Throughout Naval college, Phillip displayed great talent and subsequently came out top of his class. By October 1942, in the middle of WW2, Phillip was one of the most promising first lieutenants in the Royal Navy, applying his trade on board the HMS Wallace. Prime Minster Boris Johnson, in his tribute to the Duke acknowledged his status as a war hero and one of the last surviving people to fight in WW2. 

During his years in the Navy, Phillip and Elizabeth exchanged letters of correspondence. Their courtship went from strength to strength and included Elizabeth frequently inviting Phillip to spend time with the Royal Family. By 1946, the couple were well and truly in love and in the summer of that year, the Duke asked the King for his daughters’ hand in marriage. 

The marriage between Elizabeth and Phillip has been documented heavily. The wedding ceremony was broadcast to over 200 million people worldwide, in what was one of Phillip’s ideas to modernise the monarchy. 

His military career was curtailed with the death of his father-in-law, King George VI. It was Phillip, who was given the burden of telling Elizabeth that her father had died. From that moment on, both Phillip and Elizabeth’s lives changed forever, Phillip was now the consort to the Queen. Even Phillip has acknowledged, being husband to the Queen was an incredibly important and tiring role, filled with sacrifices. Yet, instead of dwelling on this aspect, the Duke made use of his position and strength of character to help as many people as possible. 
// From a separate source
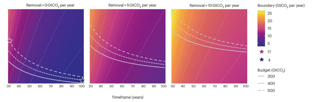 연구팀은 질소·인 오염 평가에 쓰이는 것과 동일한 ‘연간 배출량’ 기준을 탄소에도 적용했다. 구체적으로는 지구 평균 온도 상승을 1.5°C 이내로 제한한다는 목표에 맞춰, 남아 있는 전 지구 ‘탄소 예산(Carbon Budget, 온도 목표를 지키기 위해 앞으로 배출할 수 있는 CO₂의 총 허용량)’과 미래에 기술적으로 제거 가능한 탄소량을 함께 고려해 안전한 연간 배출 범위를 산출했다.
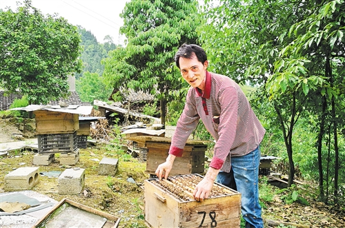 党湾村刘家寨村民刘宗坤在养蜂基地查看蜂箱情况。

Particularly keen on the welfare of children, one of his most famous accomplishments was launching his outstandingly successful Duke of Edinburgh’s Award in 1956. Since the launch, over 10 million youths, in over 130 countries have participated in the award. A statistic the Duke was said to be immensely proud of. 
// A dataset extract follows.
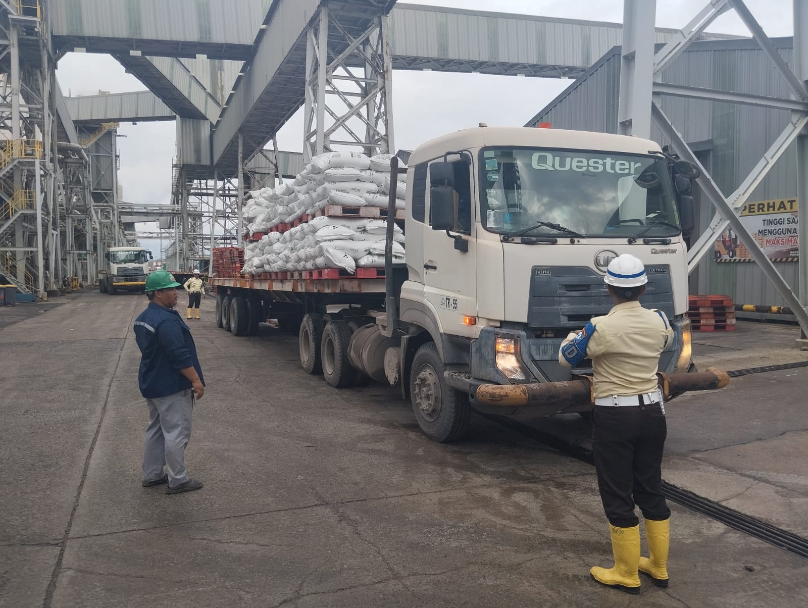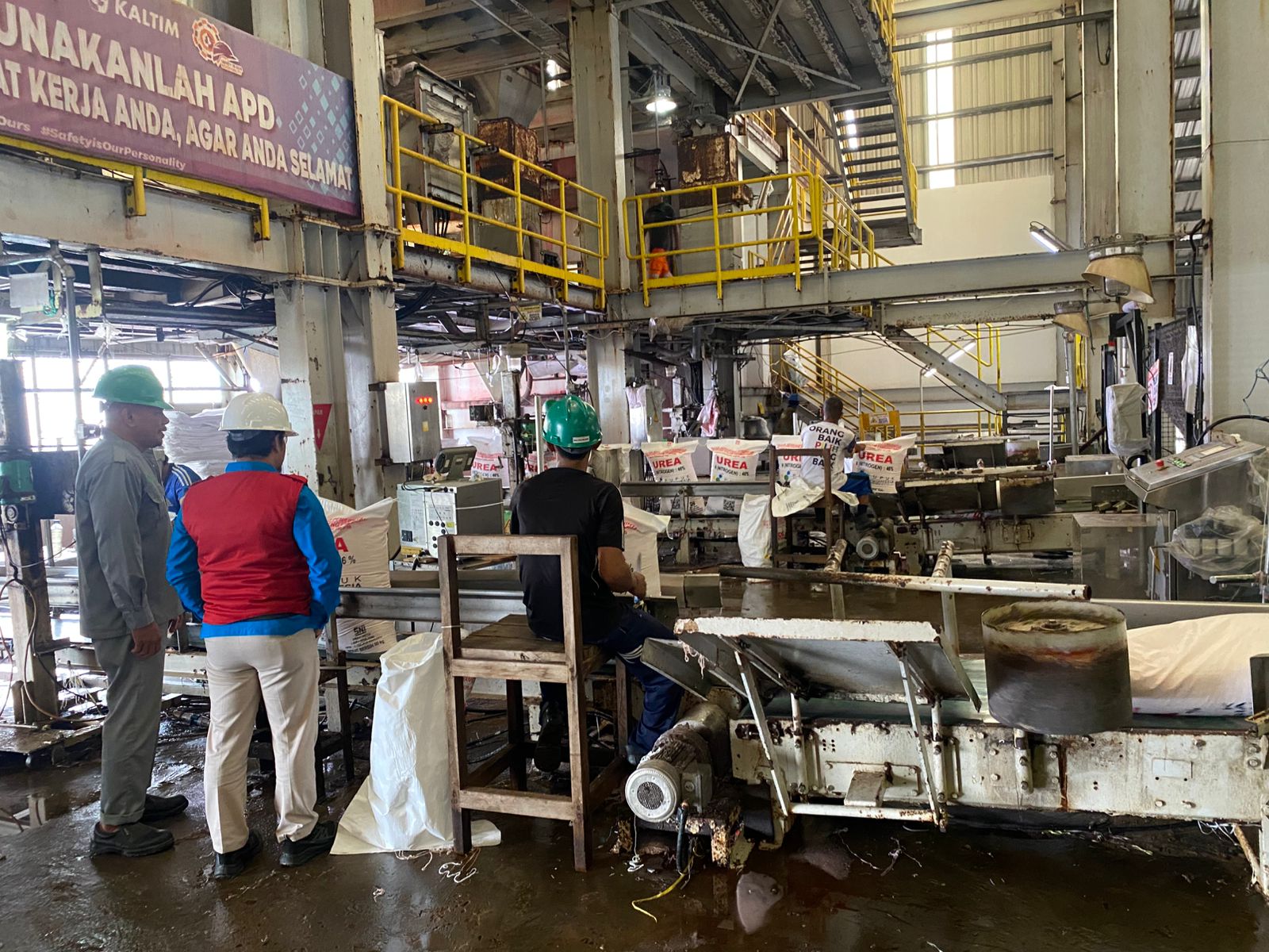 Pengemasan bahan produksi dari bentuk curah menjadi kemasan karung untuk mempermudah proses penyimpanan dan distribusi.

Phillip also took great interest in nature and science. He was commended throughout his life for his efforts in raising publicity for conservation of the world’s forests and oceans. He was a perfect choice for the first president of the World Wild Fund for Nature. 
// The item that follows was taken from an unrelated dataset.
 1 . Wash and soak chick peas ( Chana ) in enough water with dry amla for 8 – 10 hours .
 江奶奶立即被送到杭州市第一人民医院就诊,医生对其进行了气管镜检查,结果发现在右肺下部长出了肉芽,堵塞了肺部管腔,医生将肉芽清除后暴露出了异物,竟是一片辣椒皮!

He remained active well into his later years. He always showed a passion for sport, in particular, polo and cricket and he represented Great Britain at carriage driving in six World and three European Championships. Phillip was side-by-side with the Queen as England were handed the Football World Cup trophy after defeating West Germany 4-2 at Wembley in the famous 1966 tournament. 

The Duke was a natural leader, a true gentleman with an unforgettable sense of humour, and a strong willed, independent man. Even though his job title forced him to play second fiddle, Buckingham Palace calculated that, on his retirement from public duty, Prince Phillip had completed 22,219 solo engagements since 1952. 

Many will recognise Phillip’s achievements across the world. He was involved in over 750 organisations, serving as president, patron or member and his work for charities over his lifetime serves as a lesson for all of us. 

Yet, the Duke always said, his one job was to ensure his wife, the Queen, could effectively rule our great nation effectively with grace. 

Prince Phillip’s service to Queen and Country has no parallels. To mark the couple’s golden wedding anniversary, the Queen said, “He is someone who doesn’t take easily to compliments, but he has quite simply been my strength and stay all these years. And I, and his whole family, and this and many other countries, owe him a debt greater than he would ever claim or we shall ever know.”